Explainable fault diagnosis for smart cities
Research problem statement
Smart cities are based on wireless sensor networks. Faults and miscalibrations in wireless sensor networks, if undetected, may degrade the quality of “big data” collected for autonomous decision making, which is imperative in smart city applications. The need for reliable fault diagnosis is particularly prominent in smart infrastructure, which is an essential component of smart cities. Smart infrastructure is equipped with wireless sensor networks that autonomously collect, analyze, and communicate structural data, referred to as “smart monitoring”. Although fault diagnosis concepts are not new in related research areas, these concepts have not kept pace with the ongoing “smartification” and cannot be adapted to smart infrastructure.
This project aims to develop a fault diagnosis framework for wireless sensor networks deployed in smart infrastructure. Unlike analytical redundancy approaches that are usually used to achieve fault tolerance in distributed systems, this project proposes a new methodology based on artificial intelligence (AI). The novelty of the AI-based framework is a strong mathematical formulation of a deep learning concept proposed for distributedly embedding convolutional neural networks in wireless sensor networks. The main concept is shown in Figure 1. In addition to the decentralization itself, the limited energy and computing resources of wireless sensor nodes are also considered. Moreover, a generally valid classification-based mathematical formulation of the fault diagnosis problem is introduced. One of the key advantages of the classification-based fault diagnosis problem formulation is the absence of analytical redundancy requirements by shifting the fault diagnosis problem to the mathematical features inherent in sensor data. Propelled by the lack of trust in AI algorithms that are black-box by nature, the AI-based fault diagnosis framework is complemented by an explanation interface based on the classification-based mathematical formulation, thus adding transparency to the AI-based fault diagnosis framework.
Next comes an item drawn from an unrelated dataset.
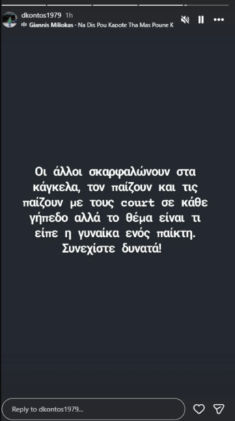«Οι άλλοι σκαρφαλώνουν στα κάγκελα, τον παίζουν και τις παίζουν με τους court σε κάθε γήπεδο, αλλά το θέμα είναι τι είπε η γυναίκα ενός παίκτη. Συνεχίστε δυνατά!».

Finally, the fault diagnosis framework is verified and validated by means of a dual verification and validation strategy that builds upon the results of a DFG research training group at Bauhaus University Weimar, using experimental laboratory tests as well as structural data recorded from a real-world railway bridge in operation.
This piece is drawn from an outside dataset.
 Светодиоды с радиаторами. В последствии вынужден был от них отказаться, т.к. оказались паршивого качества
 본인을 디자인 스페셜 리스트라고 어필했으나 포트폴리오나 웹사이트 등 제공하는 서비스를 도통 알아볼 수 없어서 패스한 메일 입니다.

Through the AI algorithms of the fault diagnosis framework, being explainable and transparent to engineers, it is expected that smart infrastructure will be enabled to reliably self-detect sensor faults and sensor miscalibrations – without the need for multiple redundant sensors, first-principle models (such as finite element models), or a priori knowledge on the physical principles of smart infrastructure. As a result, the dependability and the accuracy of autonomous decision making in smart infrastructure will be enhanced, thus facilitating reduced maintenance and operation costs in smart cities.